> Records drawn from a dataset
"""

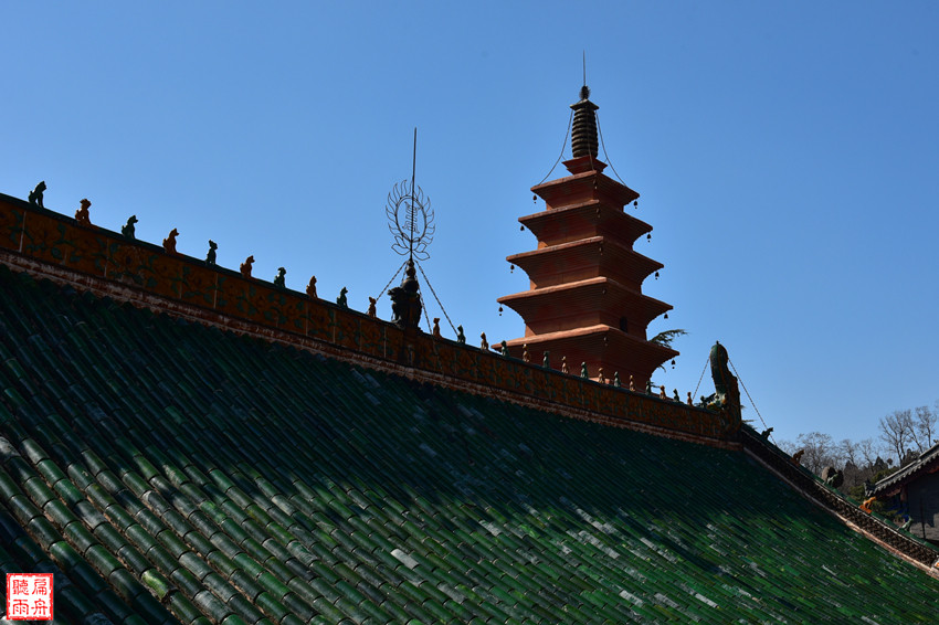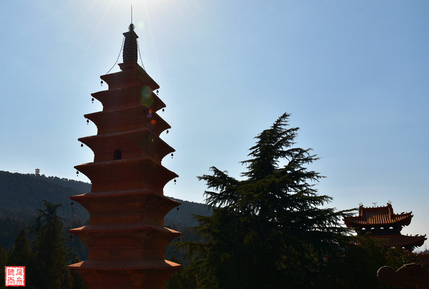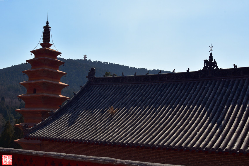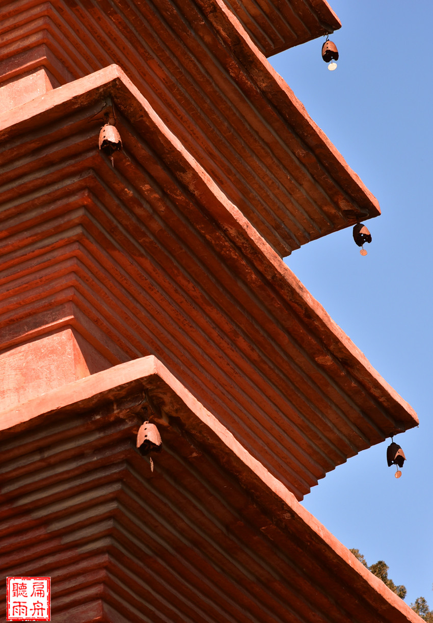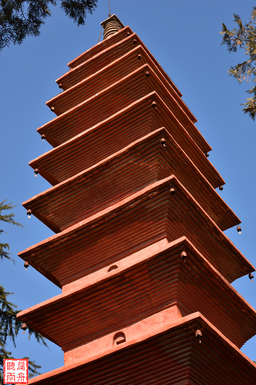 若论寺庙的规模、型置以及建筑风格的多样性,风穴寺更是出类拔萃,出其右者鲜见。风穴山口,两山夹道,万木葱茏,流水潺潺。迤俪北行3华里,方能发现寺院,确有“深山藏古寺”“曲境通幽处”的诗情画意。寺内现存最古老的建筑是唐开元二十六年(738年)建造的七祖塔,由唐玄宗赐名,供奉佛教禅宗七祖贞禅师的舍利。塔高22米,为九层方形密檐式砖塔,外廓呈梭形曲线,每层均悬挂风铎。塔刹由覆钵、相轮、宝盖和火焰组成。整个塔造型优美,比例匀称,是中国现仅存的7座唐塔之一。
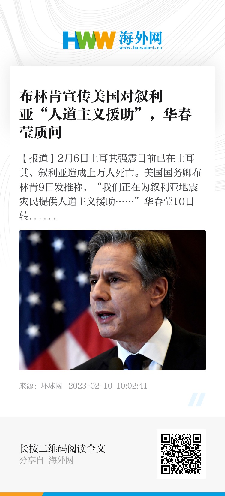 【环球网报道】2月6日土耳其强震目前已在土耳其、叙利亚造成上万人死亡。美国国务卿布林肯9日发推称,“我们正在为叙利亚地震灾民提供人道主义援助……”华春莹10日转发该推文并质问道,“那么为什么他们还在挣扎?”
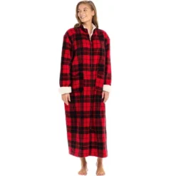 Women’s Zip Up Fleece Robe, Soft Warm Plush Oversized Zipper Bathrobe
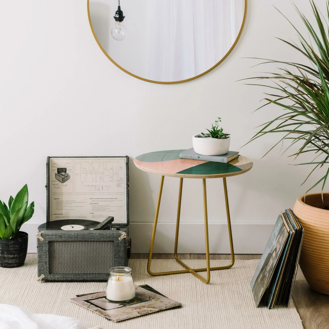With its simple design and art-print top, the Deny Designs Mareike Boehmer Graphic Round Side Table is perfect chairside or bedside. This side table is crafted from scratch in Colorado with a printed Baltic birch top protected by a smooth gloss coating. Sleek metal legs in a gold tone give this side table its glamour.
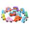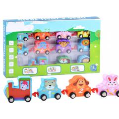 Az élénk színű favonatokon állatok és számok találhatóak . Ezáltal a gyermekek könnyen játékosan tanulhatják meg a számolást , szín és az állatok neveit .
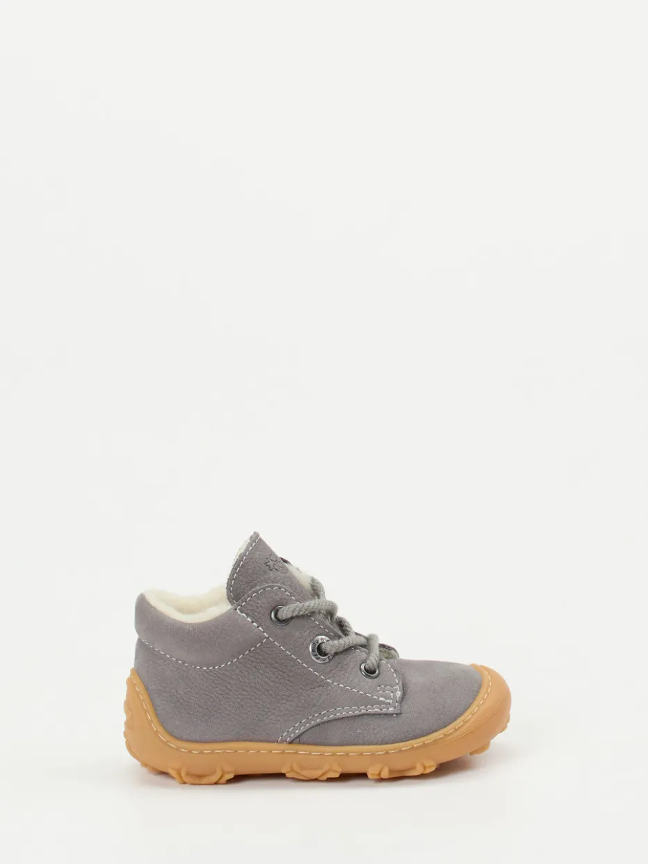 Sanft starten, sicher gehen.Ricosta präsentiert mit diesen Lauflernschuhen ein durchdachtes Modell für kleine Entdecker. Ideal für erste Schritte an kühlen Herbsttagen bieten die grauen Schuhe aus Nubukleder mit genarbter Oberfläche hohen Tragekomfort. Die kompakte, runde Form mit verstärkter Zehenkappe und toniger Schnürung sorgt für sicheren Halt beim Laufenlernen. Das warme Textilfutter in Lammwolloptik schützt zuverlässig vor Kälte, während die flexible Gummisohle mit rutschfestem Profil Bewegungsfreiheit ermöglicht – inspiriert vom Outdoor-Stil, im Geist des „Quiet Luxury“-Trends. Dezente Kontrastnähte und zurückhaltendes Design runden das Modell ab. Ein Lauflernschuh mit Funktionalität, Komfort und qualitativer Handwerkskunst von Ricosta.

"""

> EXERCISE AIM
Write out exactly and only the lines that run from the start of the data above through the line containing "Women’s Zip Up", leaving the pictures out.

> WRITTEN SOLUTION
 若论寺庙的规模、型置以及建筑风格的多样性,风穴寺更是出类拔萃,出其右者鲜见。风穴山口,两山夹道,万木葱茏,流水潺潺。迤俪北行3华里,方能发现寺院,确有“深山藏古寺”“曲境通幽处”的诗情画意。寺内现存最古老的建筑是唐开元二十六年(738年)建造的七祖塔,由唐玄宗赐名,供奉佛教禅宗七祖贞禅师的舍利。塔高22米,为九层方形密檐式砖塔,外廓呈梭形曲线,每层均悬挂风铎。塔刹由覆钵、相轮、宝盖和火焰组成。整个塔造型优美,比例匀称,是中国现仅存的7座唐塔之一。
 【环球网报道】2月6日土耳其强震目前已在土耳其、叙利亚造成上万人死亡。美国国务卿布林肯9日发推称,“我们正在为叙利亚地震灾民提供人道主义援助……”华春莹10日转发该推文并质问道,“那么为什么他们还在挣扎?”
 Women’s Zip Up Fleece Robe, Soft Warm Plush Oversized Zipper Bathrobe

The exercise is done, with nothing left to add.